**WORK INSTRUCTION**: Please copy out the entries below exactly, beginning with the line that contains "Fenny, F (2010)" and ending with the line that contains "ডিগ্রি (পাস) কোর্স", and include nothing outside that span.
====== EXCERPTED RECORDS ======
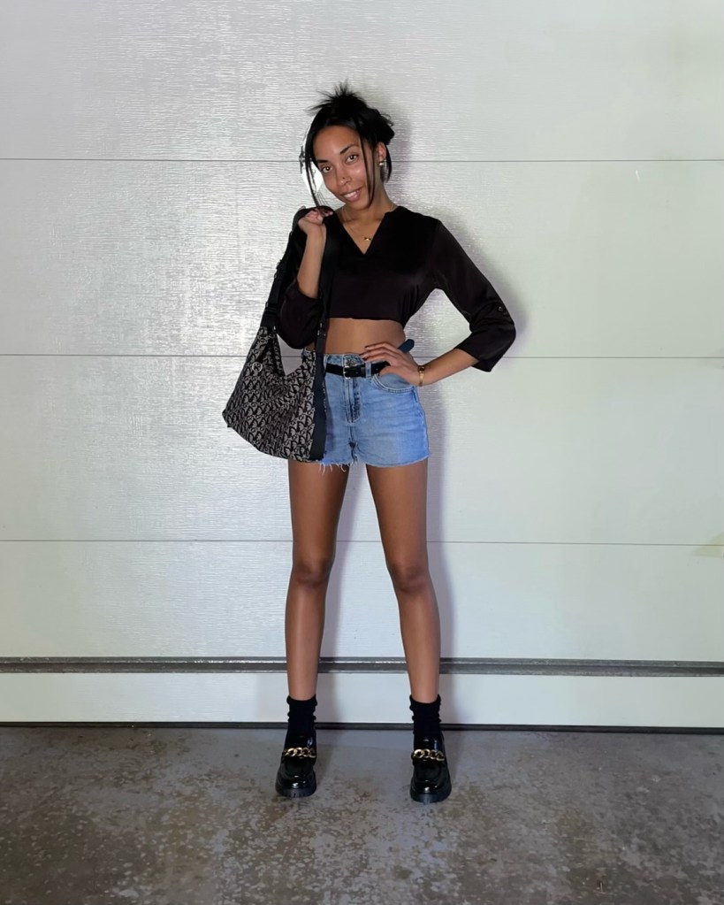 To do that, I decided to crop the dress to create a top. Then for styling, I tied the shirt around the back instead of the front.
======
====== EXCERPTED RECORDS ======
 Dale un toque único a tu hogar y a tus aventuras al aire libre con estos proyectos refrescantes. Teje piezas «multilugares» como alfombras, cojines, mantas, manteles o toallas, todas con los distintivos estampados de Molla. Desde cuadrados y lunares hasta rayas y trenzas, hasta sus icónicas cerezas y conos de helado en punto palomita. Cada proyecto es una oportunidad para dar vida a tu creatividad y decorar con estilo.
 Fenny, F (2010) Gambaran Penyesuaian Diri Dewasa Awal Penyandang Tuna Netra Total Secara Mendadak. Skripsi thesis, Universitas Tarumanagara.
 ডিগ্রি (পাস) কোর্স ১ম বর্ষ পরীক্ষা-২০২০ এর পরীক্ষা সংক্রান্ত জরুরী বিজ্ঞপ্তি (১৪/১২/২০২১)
======
====== EXCERPTED RECORDS ======
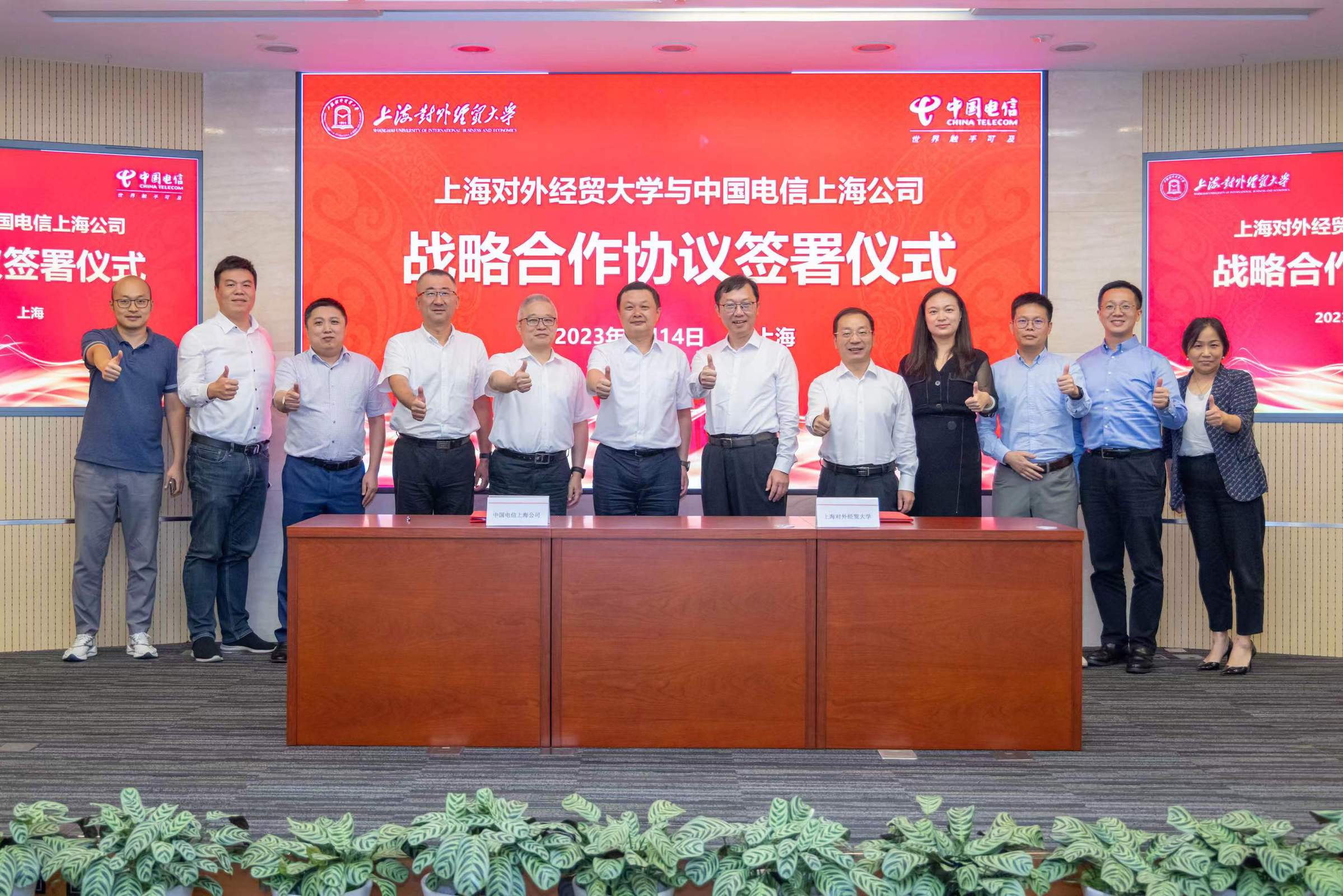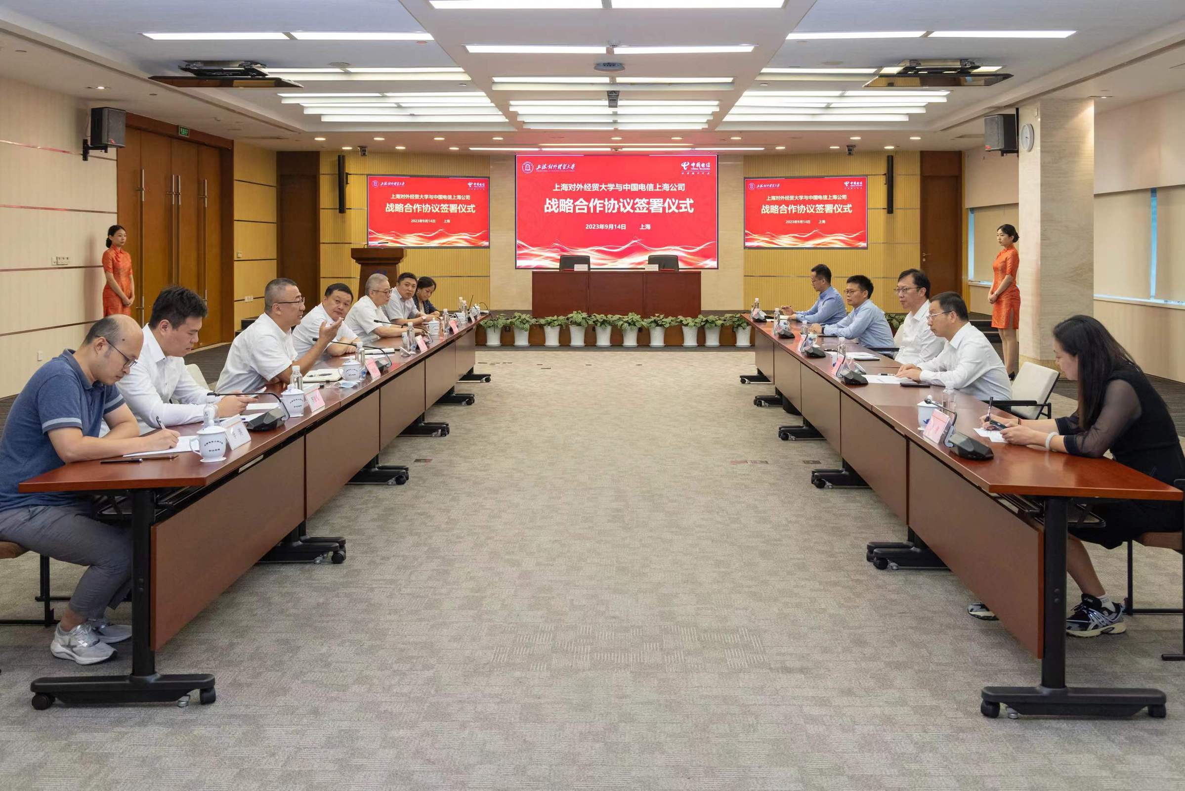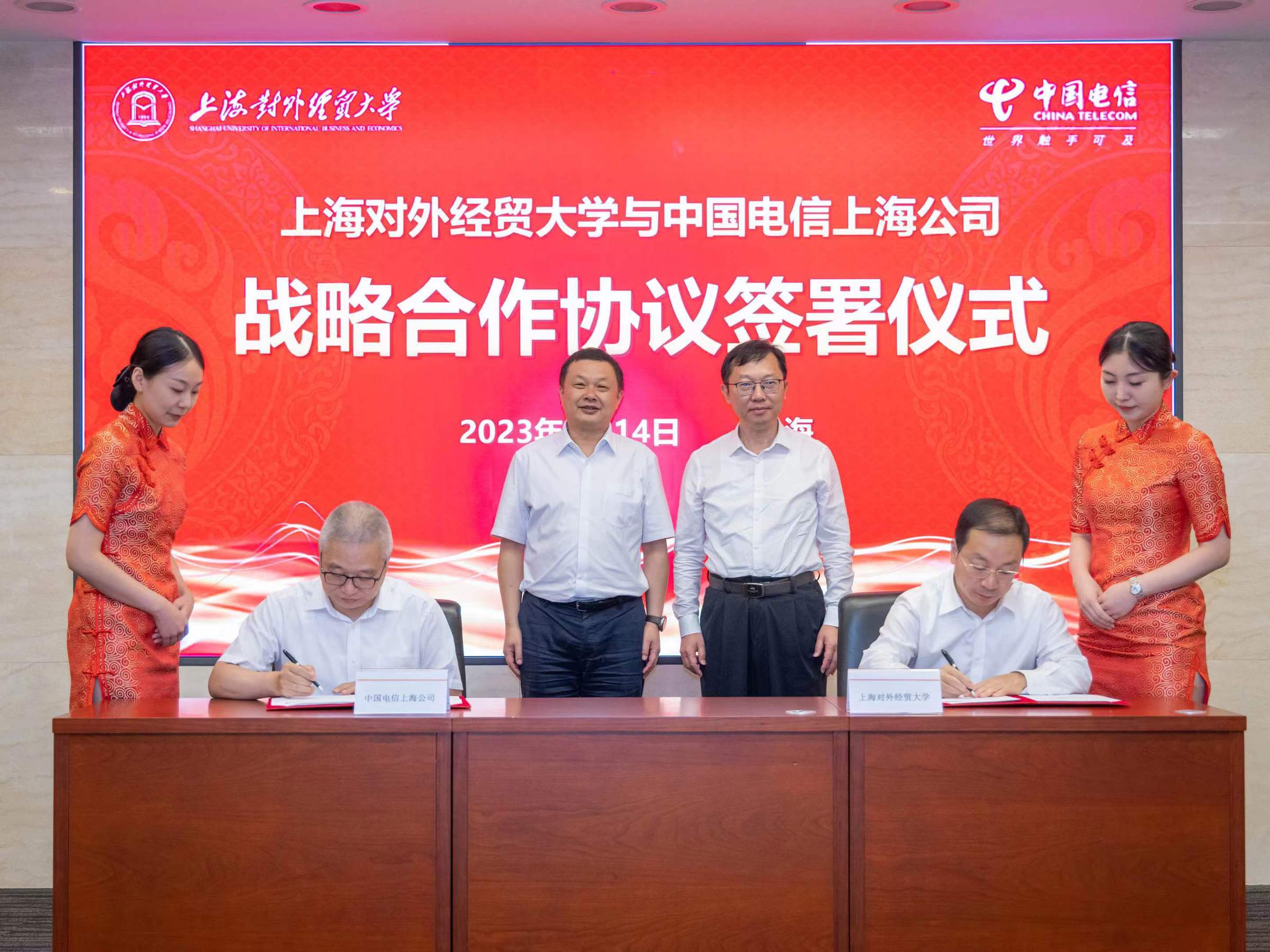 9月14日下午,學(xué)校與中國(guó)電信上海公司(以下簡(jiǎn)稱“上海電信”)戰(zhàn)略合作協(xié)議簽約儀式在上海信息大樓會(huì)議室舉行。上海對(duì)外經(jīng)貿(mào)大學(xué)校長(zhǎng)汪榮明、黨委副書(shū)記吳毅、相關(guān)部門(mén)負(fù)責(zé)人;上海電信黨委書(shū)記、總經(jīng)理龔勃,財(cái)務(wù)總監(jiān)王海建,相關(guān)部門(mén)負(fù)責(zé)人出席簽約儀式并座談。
======
**REPLY TO THE EXERCISE**:
 Fenny, F (2010) Gambaran Penyesuaian Diri Dewasa Awal Penyandang Tuna Netra Total Secara Mendadak. Skripsi thesis, Universitas Tarumanagara.
 ডিগ্রি (পাস) কোর্স ১ম বর্ষ পরীক্ষা-২০২০ এর পরীক্ষা সংক্রান্ত জরুরী বিজ্ঞপ্তি (১৪/১২/২০২১)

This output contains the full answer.